Sources and Further Commentary
The story from the “Information Newsletter” of the Brazilian Evangelical Lutheran Church has been cited in many places, including Susan George’s book, A Fate Worse Than Debt, Penguin Books, 1988. The information about the study on nutrition levels in north-eastern Brazil also came from A Fate Worse Than Debt.
For UNICEF’s position, see The State of the World’s Children 1989, United Nations Children’s Fund, Oxford University Press, 1989. UNICEF’s figures of social spending are per capita, unlike the figures in Chapter 12 on the military, which are as a percentage of GNP.
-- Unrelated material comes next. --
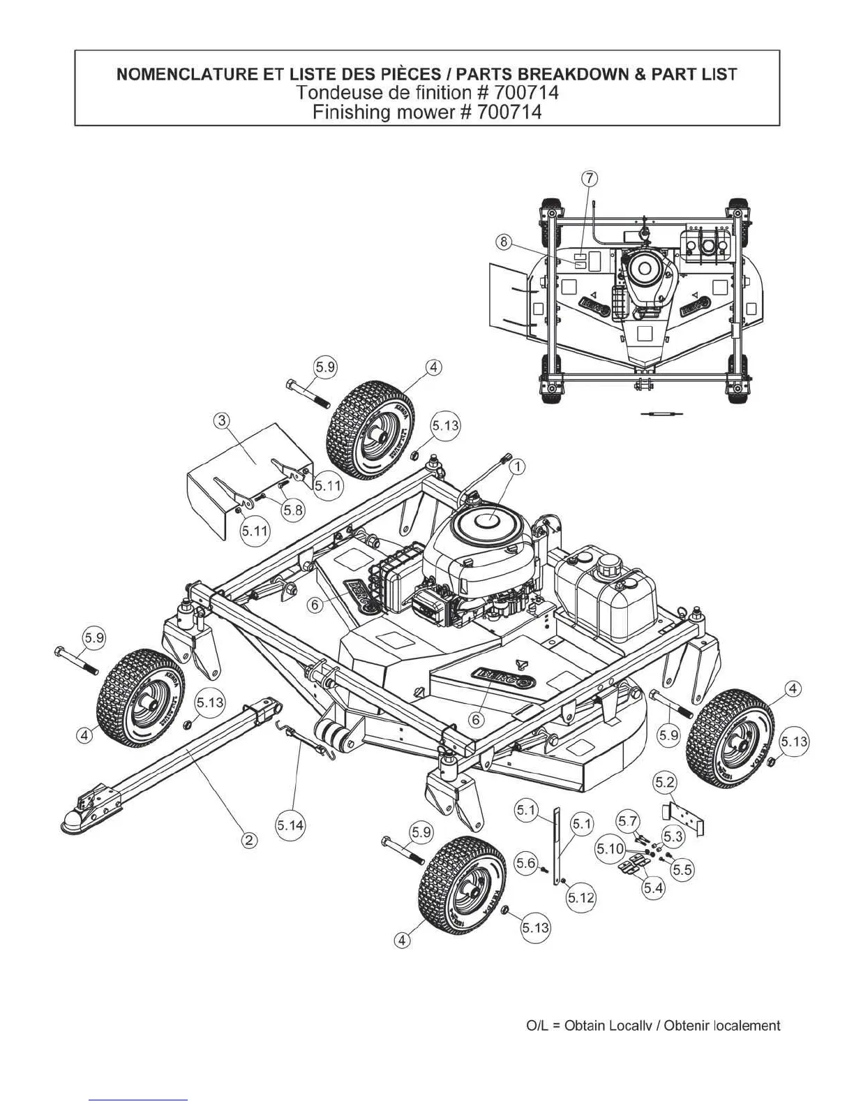 Bercomac 700714 - Parts Breakdown and List (Finishing Mower #700714); Finishing Mower Parts Diagram

Information on Canada’s debt came from numerous newspaper articles and from “Foreign Investment in the Canadian Bond Market, 1978 to 1990” by Lucie Laliberté, in Canadian Economic Observer, Canada, June 1991, which states that Canada’s net liability to non-residents is $259 billion, representing 38 per cent of gross domestic product. Brazil’s total external debt of $111 billion is 24 per cent of gross national product.
Word of the Japanese offer to assume Brazil’s debt in return for mineral rights to gold in the Amazon shocked everyone: it came at a time when concern for protecting the Amazon from damaging activities like gold mining was at its height; most were surprised that the debt could be retired so easily; the offer seemed unconscionable. For further information see “Japanese offer to buy Brazil’s debt” in The Globe and Mail, Toronto, February 5, 1990.